Contact and travel information
|
Download this tutorial in zip format here Patch for openMosix 2.4.17 and NCBI BLAST Installing NCBI BLAST (v. 20020426) on openMosix-2.4.1 0. Introduction 1. Downloading NCBI BLAST 2. Preparing NCBI BLAST for
openMosix 3. Tips and Troubleshooting
openMosix (http://www.openMosix.org) on a Linux cluster provides a transparent and very convenient mechanism for migrating BLAST processes across the cluster and load balancing without needing to link in special libraries or re-engineer existing code. If one installs duplicate copies of BLAST database files on every node, the DFSA/MFS filesystem included with openMosix take job I/O load into account when load-balancing and eliminate the need to send massive sequence databases across the network as BLAST jobs migrate. Every BLAST job spawned from the user's login node can transparently migrate to another node and read the *local* database on that node. Unfortunately, NCBI BLAST (and WU-BLAST) have features enabled that are not yet supported by the openMosix process migration, specifically memory mapped I/O to the migratable file system and support for multithreading with shared memory partitions. Hence one must recompile BLAST before installing it on the openMosix cluster. Note that this recompile is necessary even for users with small search databases as the memory-mapped I/O in BLAST will prevent openMosix process migration even in the absence of MFS! 0a. Prerequisites
You must verify that simple Perl/awk/python scripts at least can migrate to other nodes! Also you should verify that the /mfs filesystem is mounted and can access files on all your other nodes. For both of these, please visit the openMosix.org website for setup information.
The machines are adequate for running BLAST, but one may want more RAM for very heavily loaded clusters. Also, I assume throughout this install you are doing everything AS ROOT. This is more of a convenience for me but you may choose to do otherwise. Keep in mind permissions, etc. if you work as non-root will be different and could lead to errors not detailed here.
ftp://ftp.ncbi.nih.gov The version as tested was the 20020426 release,
you need all three files:
1a.
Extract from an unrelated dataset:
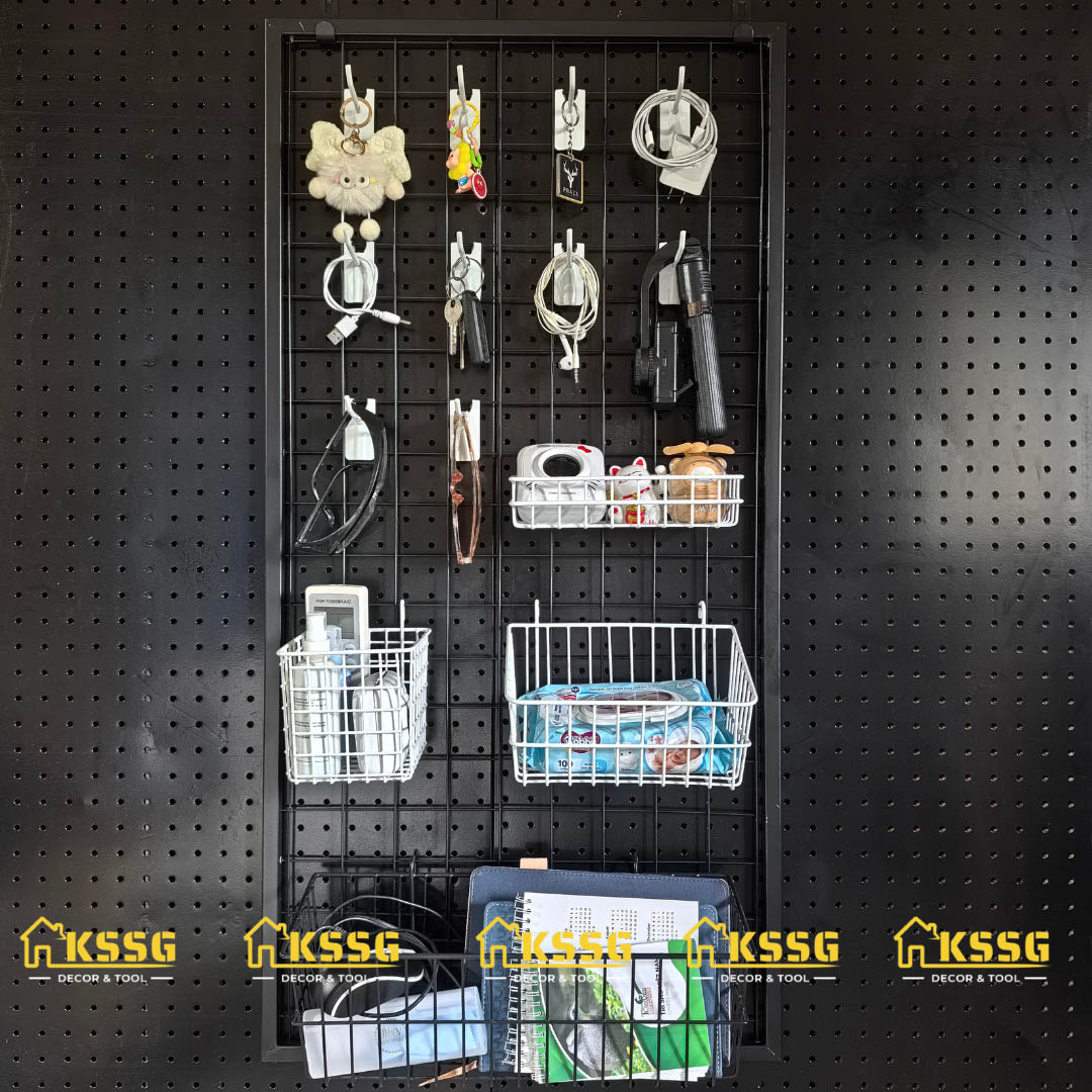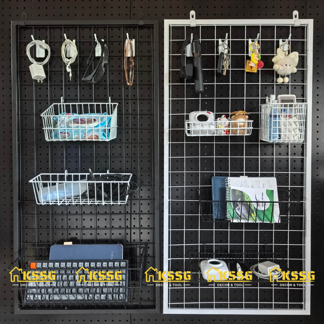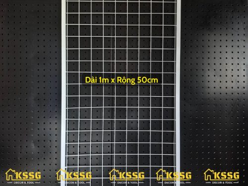 Khung lưới sắt ô vuông là dạng khung sắt hàn lưới hình vuông đều, được thiết kế để gắn trực tiếp lên tường nhằm treo phụ kiện, dụng cụ, đồ trang trí hoặc trưng bày sản phẩm.

Test compile the original installation by extracting them into one directory: Note '>' below is the UNIX prompt do not type it in! >cd ~
>mkdir ncbiToolbox
>cp ncbi.tar.gz data.tar.gz README.bls ./ncbiToolbox
>cd ncbiToolbox
>gunzip *.tar.gz
>tar xvf data.tar
>tar xvf ncbi.tar
Then compile BLAST by running: >./ncbi/make/makedis.csh
The compile will proceed. You can ignore most errors as long as they are not fatal. If the compile fails to complete successfully, go no further, as you will not be able to run this installation on your system without resolving them first! 1b. Create the BLAST database You can read the file ncbi/doc/README.formatdb and create your own database following their suggestions, or you can choose to use a pre-formatted database. We use 'nt' pre-formatted for testing. Download it at: ftp://ftp.ncbi.nih.gov/blast/db/FormattedDatabases/nt.tar.gz Create a future home for BLAST: >mkdir /opt/blast
For testing, install the database into the future BLAST database directory /opt/blast/db (or your directory of choice! It could also be /usr/local/blast or whatever you feel is most convenient). Install the database file into this directory >mv ~/nt.tar.gz /opt/blast/db
>cd /opt/blast/db
>gunzip nt.tar.gz
>tar xvf nt.tar
In nt's case, you will end up with the 7 database files of the 'nt' release:
These seven files are the database and ALL of them need to ultimately be duplicated onto every node of your cluster. 1c. Move the BLAST home with
databases onto every node in your cluster The BLAST executables themselves are small and shouldn't require installation on every single node. The databases, however, are very large and will be read in their entirety by every search. Having them stored locally on all other nodes is a must. After extracting and installing nt on the master node, copy your currently empty (well, with databases!) BLAST home to all nodes. Depending on your network and the db size within them this will take several minutes to hours. (You should probably write a shell script to do this). The long way: >cp -vr /opt/blast /mfs/2
>cp -vr /opt/blast /mfs/3
>cp -vr /opt/blast /mfs/4
...etc
Make sure all databases made it there after a while. Note: The directory structure you chouse to house the databases MUST be replicated on every node throught your cluster! This is crucial that the directory structures are identical. Otherwise migrating BLAST processes will not know where to find the localized DBs!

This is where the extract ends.